China's test on January 11 2007, in which it used a ballistic missile to destroy an ageing Chinese weather satellite at an altitude of some 800 kilometres (500 miles), sparked an international outcry.

At a stroke, it created hundreds of pieces of additional debris, posing a potential threat to satellites in low orbit.

Fernand Alby, in charge of space debris issues at France's National Centre for Space Studies (Cnes), said a European conference in Toulouse, southwestern France, last week painted a mixed picture about the junk problem.

There are now more than 12,000 objects that are monitored in orbit, around 1,500 of them debris from the Chinese test, and the tally is increasing by 200 to 250 objects per year, he said.

"It already amounts to a genuine collision problem, although it is not preventing space exploration," he said.
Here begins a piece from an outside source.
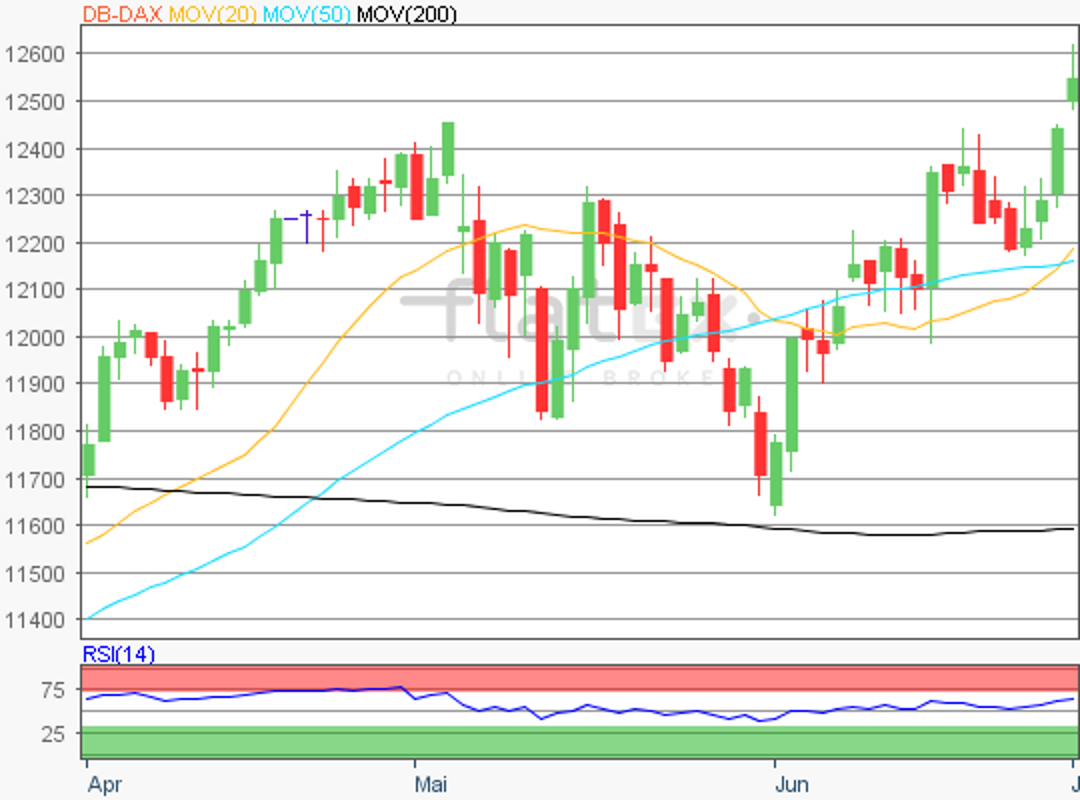 Der Deutsche Aktienindex profitierte zum Wochenbeginn von einem marktbreit vorhandenen „bullishen“ Impuls, der aufgrund der erleichternden Nachrichtenlage rund um das G20-Treffen im japanischen Osaka zustande kam.

Of the total, 11,500 pieces are in low Earth orbit, which is at an altitude of between 800 and 1,500 kilometres (500 and 950 miles), where there are many commercial, military, scientific and navigational satellites. The maximum altitude of the International Space Station (ISS) is around 450 kilometres (280 miles).

Another 1,147 pieces are in geostationary orbit, about satellite orbits in the direction of the Earth's rotation, at an altitude of approximately 35,786 km (22,240 miles), where telecommunications satellites are typically deployed.

At this location, the satellite remains stationary relative to its position on Earth.

Alby, in his briefing on the Toulouse conference, said that satellite operators were now doing better on obeying recommendations for disposing of disused satellites in geostationary orbit.

Old satellites or boosters left in geostationary orbit not only take up valuable "slots" for replacements. With time, in the harsh environment of space, their batteries or residual fuel can spontaneously explode, creating a perilous debris field.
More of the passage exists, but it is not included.